* Records for the task:
========================================

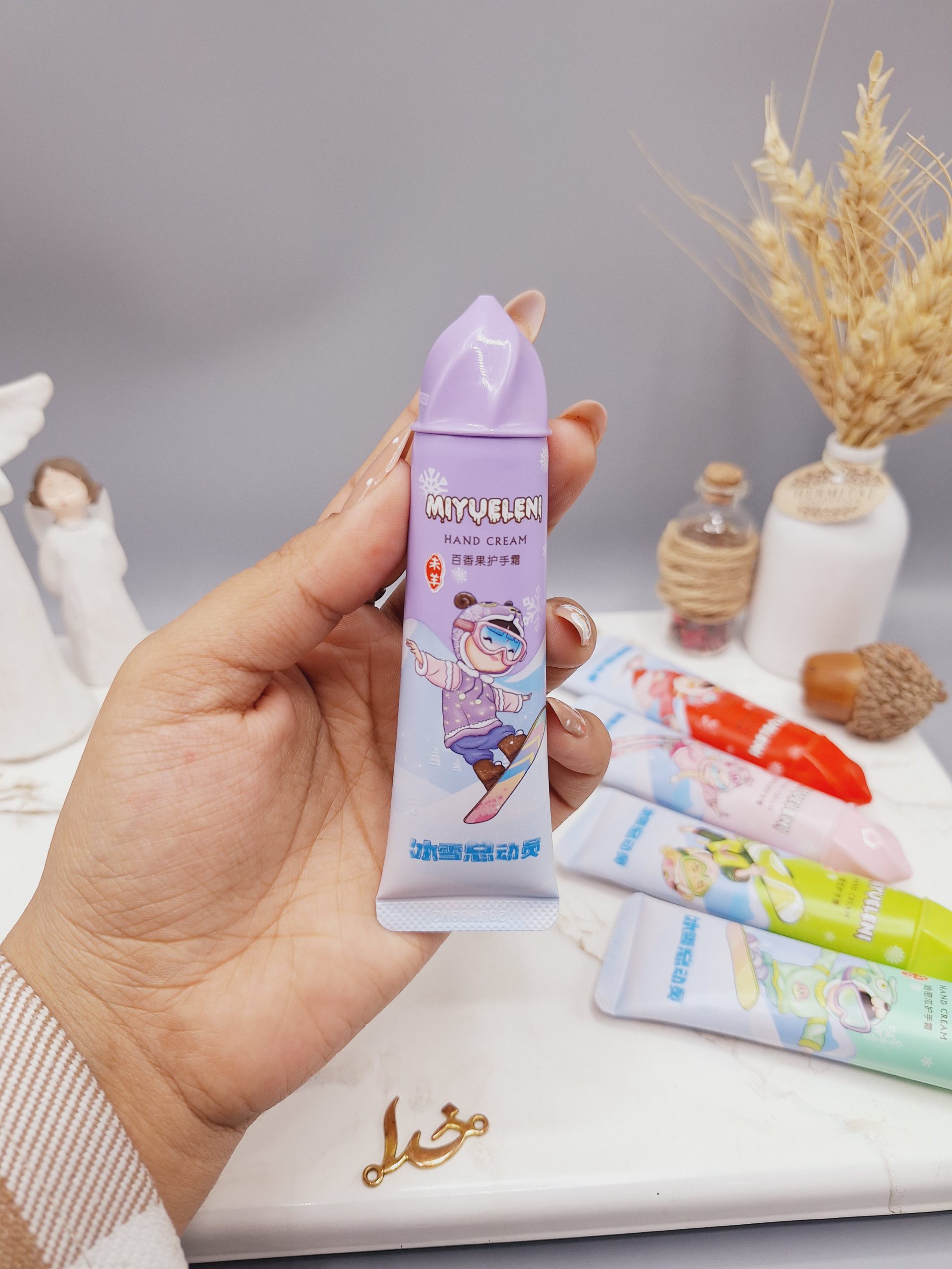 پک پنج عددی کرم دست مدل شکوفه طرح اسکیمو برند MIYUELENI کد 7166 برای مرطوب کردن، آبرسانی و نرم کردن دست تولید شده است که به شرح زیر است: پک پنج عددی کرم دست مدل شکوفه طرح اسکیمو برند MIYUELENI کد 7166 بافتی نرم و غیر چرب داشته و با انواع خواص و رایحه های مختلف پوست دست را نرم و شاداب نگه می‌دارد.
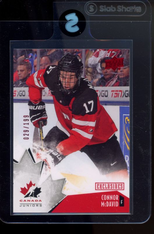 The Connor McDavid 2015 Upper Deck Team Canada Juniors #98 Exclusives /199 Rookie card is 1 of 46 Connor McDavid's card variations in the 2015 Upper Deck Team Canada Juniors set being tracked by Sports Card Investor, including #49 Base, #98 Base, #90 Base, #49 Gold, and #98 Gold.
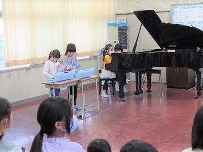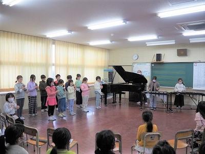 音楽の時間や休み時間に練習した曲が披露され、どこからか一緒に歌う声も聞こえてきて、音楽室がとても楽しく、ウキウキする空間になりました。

========================================

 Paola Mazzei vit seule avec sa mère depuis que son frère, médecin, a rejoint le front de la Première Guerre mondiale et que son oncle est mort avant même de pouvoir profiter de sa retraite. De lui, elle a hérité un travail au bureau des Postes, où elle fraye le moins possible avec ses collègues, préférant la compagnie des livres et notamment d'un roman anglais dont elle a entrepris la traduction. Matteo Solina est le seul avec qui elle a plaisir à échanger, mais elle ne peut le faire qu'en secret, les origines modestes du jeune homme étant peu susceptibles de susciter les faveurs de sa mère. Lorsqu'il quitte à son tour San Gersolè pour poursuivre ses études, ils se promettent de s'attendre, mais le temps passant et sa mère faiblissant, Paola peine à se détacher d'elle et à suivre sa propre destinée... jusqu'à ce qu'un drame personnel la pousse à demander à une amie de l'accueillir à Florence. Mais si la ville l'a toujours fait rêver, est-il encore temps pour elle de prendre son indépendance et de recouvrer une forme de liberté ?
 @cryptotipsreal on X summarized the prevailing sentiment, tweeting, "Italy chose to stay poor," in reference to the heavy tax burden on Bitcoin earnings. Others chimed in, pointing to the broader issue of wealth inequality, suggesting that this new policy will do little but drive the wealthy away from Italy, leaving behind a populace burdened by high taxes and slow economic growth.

========================================

Pictures in the entries do not go into the copy. Print only the lines starting at the one containing "شاداب نگه می‌دارد." and ending at the one containing "音楽の時間や休み時間に練習し", exactly as they appear.

* Reply to the task:
 پک پنج عددی کرم دست مدل شکوفه طرح اسکیمو برند MIYUELENI کد 7166 برای مرطوب کردن، آبرسانی و نرم کردن دست تولید شده است که به شرح زیر است: پک پنج عددی کرم دست مدل شکوفه طرح اسکیمو برند MIYUELENI کد 7166 بافتی نرم و غیر چرب داشته و با انواع خواص و رایحه های مختلف پوست دست را نرم و شاداب نگه می‌دارد.
 The Connor McDavid 2015 Upper Deck Team Canada Juniors #98 Exclusives /199 Rookie card is 1 of 46 Connor McDavid's card variations in the 2015 Upper Deck Team Canada Juniors set being tracked by Sports Card Investor, including #49 Base, #98 Base, #90 Base, #49 Gold, and #98 Gold.
 音楽の時間や休み時間に練習した曲が披露され、どこからか一緒に歌う声も聞こえてきて、音楽室がとても楽しく、ウキウキする空間になりました。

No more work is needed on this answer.